Anglo-Saxon Law - Overview

Overview

Inked records of early Germanic law (leges barbarorum) were, in many ways, the product of Roman influence. Throughout the early middle ages, as various 'Teutonic', or Germanic, tribes on the continent came into closer and more peaceful contact with the highly-institutionalized civilizations surrounding the Mediterranean - chiefly the Roman empire - it was inevitable that they would be affected by the cultural influences emanating from the south. Many Germanic tribes and nations subsequently began to imitate the cultural and institutional facets of Roman civilization. Few of these imitations were so important, or had such a profound impact on the nature of 'barbarian' life as the adoption of writing, a technology which spread throughout the Germanic kingdoms hand-in-hand with Christianity, a religion based on literacy. Up to this point, the laws, or customs, of the barbarian nations of Northern Europe were essentially 'oral': they were occasionally recited publicly, and relied for their continuation upon word-of-mouth, and the memory, perhaps capricious, of those whose burden it was to remember them. With writing, however, it was possible to set the ancient customs of the Northern Europeans into a lasting and more-or-less fixed form, using ink and parchment. It was a general trend among the Germanic tribes of Europe, that adaptation of the Roman system of writing was soon followed by the production of a national code of laws. It was inevitable, too, that in imitating the Roman practice of writing down law, facets of Roman law and jurisprudence would influence these new Germanic codes. The numerous legal and customary statements which make up the earliest written Germanic law codes from the continent are testament to the influences of Roman language and Roman law, as each was written in Latin (a foreign language) and was often significantly influenced by Emperor Justinian's great legal code.

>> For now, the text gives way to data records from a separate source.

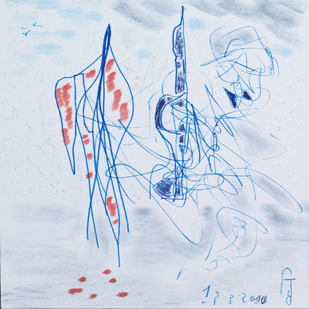 stylo et feutre / papier, 10,8 cm x 9,0 cm,     signature : bas droit,     date : 13/03/2010
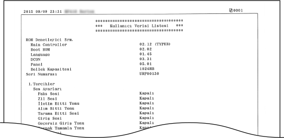 <Kullanıcı Verisi Listesi> öğesi, <Ağ Ayarları> ve <Sistem Yönetimi Ayarları> ayar listelerini ve <Faks Ayarları> ayar listesinin bir kısmını içermez. <Ağ Ayarları> ve <Sistem Yönetimi Ayarları> dâhil olmak üzere tüm ayar öğelerini denetlemek için, <Sistem Yöneticisi Veri Listesi> öğesini yazdırın.
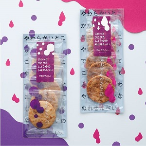 ぬれせんべい、しみせんべいの専門ブランド『やわかたこい。』が登場。
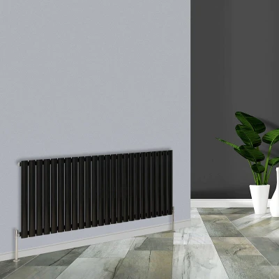General description This designer radiator serves as a striking statement piece for any room in your home. With its elegant design, it will undoubtedly become the focal point of your suite while delivering impressive heat output. Its compact footprint is perfect for saving valuable space, ensuring that you can maximize your living area without sacrificing style. Ideal for contemporary suites, the oval design is available in a variety of sizes and colors to accommodate any decor or personal preference. Whether you prefer a sleek matte finish or a glossy look, there's an option to suit your needs. Transform your space with this perfect blend of functionality and aesthetic appeal! Technical specifications Panel Configuration: Single Bar Colour: Black Material: Mild Steel Orientation: Horizontal Height: 600 mm Width: 1416 mm Number of Columns: 24 BTU Output: 3733-4702 BTU (in T50 - T60) Warranty: 10 years "fit and forget" guarantee Manufactured to BS EN 442 Pressure tested to 10 bar,

In Britain, the situation was somewhat different, as Rome had retreated from the island by about 400 AD, and the native inhabitants who remained were, for a time, left relatively free of foreign influence. When, in 597 AD, strong Roman influence again reached the island of Britain (by now in the hands of the Anglo-Saxons) it was in the form of Christianity, the practitioners of which brought with them the art of letters, writing, and literacy. It is significant that it was shortly after the arrival of the first evangelical mission in England - led by Augustine, and sent by Pope Gregory I - the first Anglo-Saxon law code appeared, issued by Æthelberht, King of Kent. The first six pronouncements of this code deal solely with sanctions against molesting the property of the Christian church and its officers, notably demanding twelvefold compensation for stealing from God's house. In contrast, compensation for stealing from the king is set at only ninefold.

Writing in the eighth century, the Venerable Bede comments that King Æthelberht, "beside all other benefits that he of wise policy bestowed upon his subjects, appointed them, with his council of wise men, judicial dooms according to the examples of the Romans." Iuxta exempla Romanorum is the Latin phrase Bede uses here; the meaning of this statement has exercised the curiosity of historians for centuries. It was not, as with the continental Germanic tribes, that Æthelberht had the law written down in Latin; rather, without precedent, he used his own native language, Old English, to express the 'dooms', or laws and judgements, which had force in his kingdom. Some have speculated that "according to the examples of the Romans" simply meant that Æthelberht had decided to cast the law in writing, whereas previously it had always been a matter of unwritten tradition and custom, handed down through generations through oral transmission, and supplemented by the edicts of kings. As such, Æthelberht's law code constitutes an important break in the tradition of Anglo-Saxon law: the body of Kentish legal customs, or at least a portion of them, were now represented by a written statement - fixed, unchanging, no longer subject to the vagaries of memory. Law was now something that could be pointed to, and, significantly, disseminated with ease.

Whatever were the exact motives for making oral law into written code, King Æthelberht's law code was the first of a long series of Anglo-Saxon law codes that would be published in England for the next four and a half centuries. Almost without exception, every official version of royal law issued during the Anglo-Saxon period was written in Old English.